The Emotional/Relational World
Shame and anger in interpersonal relationships
Posted Sep 02, 2009
By way of introduction, I am a sociologist and social psychologist. My first study was of the mental hospitals of Wisconsin many years ago. It showed that they were mostly warehouses for the poor and old. It shocked the legislative sponsors of the study, but it was soon replicated independently in California by a legislative group there. As a result, a new law was passed in California that made it difficult to hold people for more than 72 hours. This law was soon adopted by every other state.
I went on to develop the labeling theory of mental illness, which proposed that whatever the original causes of symptoms, the way that others react plays a vital role over the long term. The recent film Lars and the Real Girl gives a brilliant playing out, moment by moment, of the meaning of this approach for treatment of the mentally ill.
After a chance encounter with my own hidden fear and grief, I began studies of fear, grief, anger, and especially shame. Along with my wife, Suzanne Retzinger, we found shame loops to be one of the basic causes of depression or violence. One of the more obvious shame loops occurs in persons who blush easily. They report that when they realize that they are blushing, they become even more embarrassed, which leads to further blushing, and so on around the loop.

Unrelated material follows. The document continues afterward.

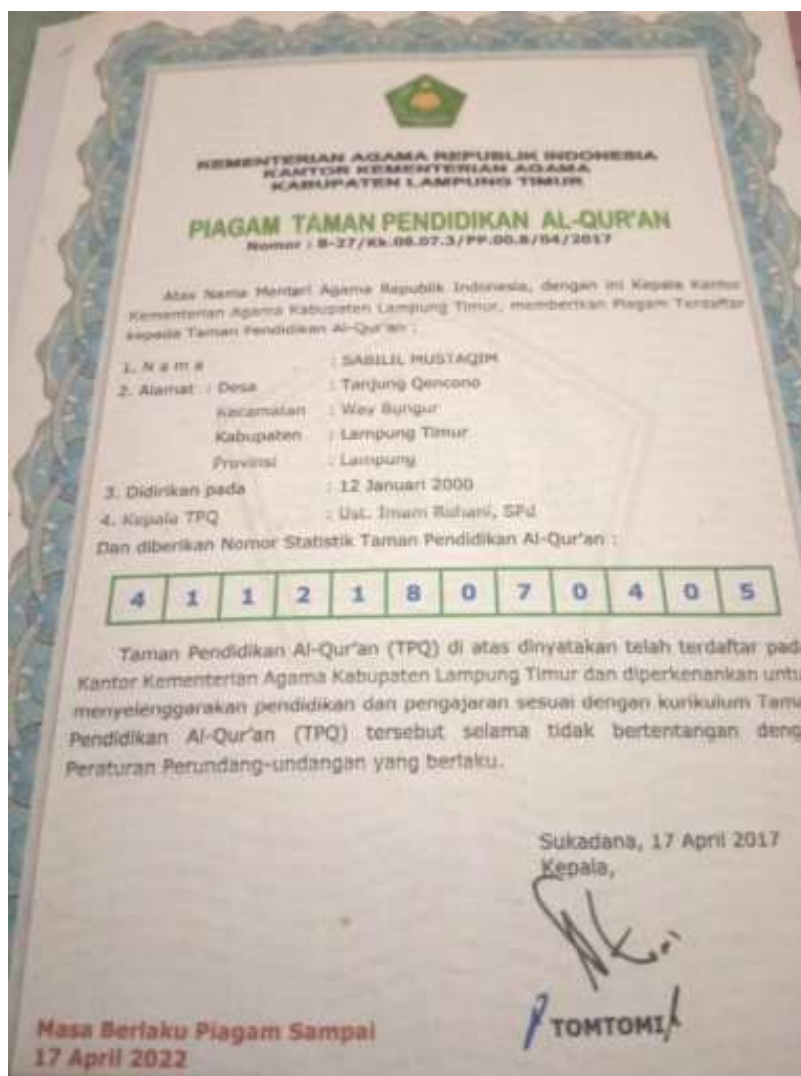
Gambar 3. 1

If an insulted person hides his or her shame, which is usually the case, the result can be a spiral of shame that leads to silence, or a shame/anger loop that leads to aggression. The idea of a shame-shame feedback loop helps explain total withdrawal and silence, and a shame-anger loop, limitless violence.
Dr. Retzinger showed that shame/anger loops caused quarrels. By viewing videotaped marital quarrels, second by second, she showed that shame caused by an insult, even an unintentional insult, always preceded escalation of anger. There are three loops, within both persons and between them, a triple spiral. My own historical studies proposed that triple spirals within and between nations were a central force in the origins of WWI and in the rise of Hitler in Germany.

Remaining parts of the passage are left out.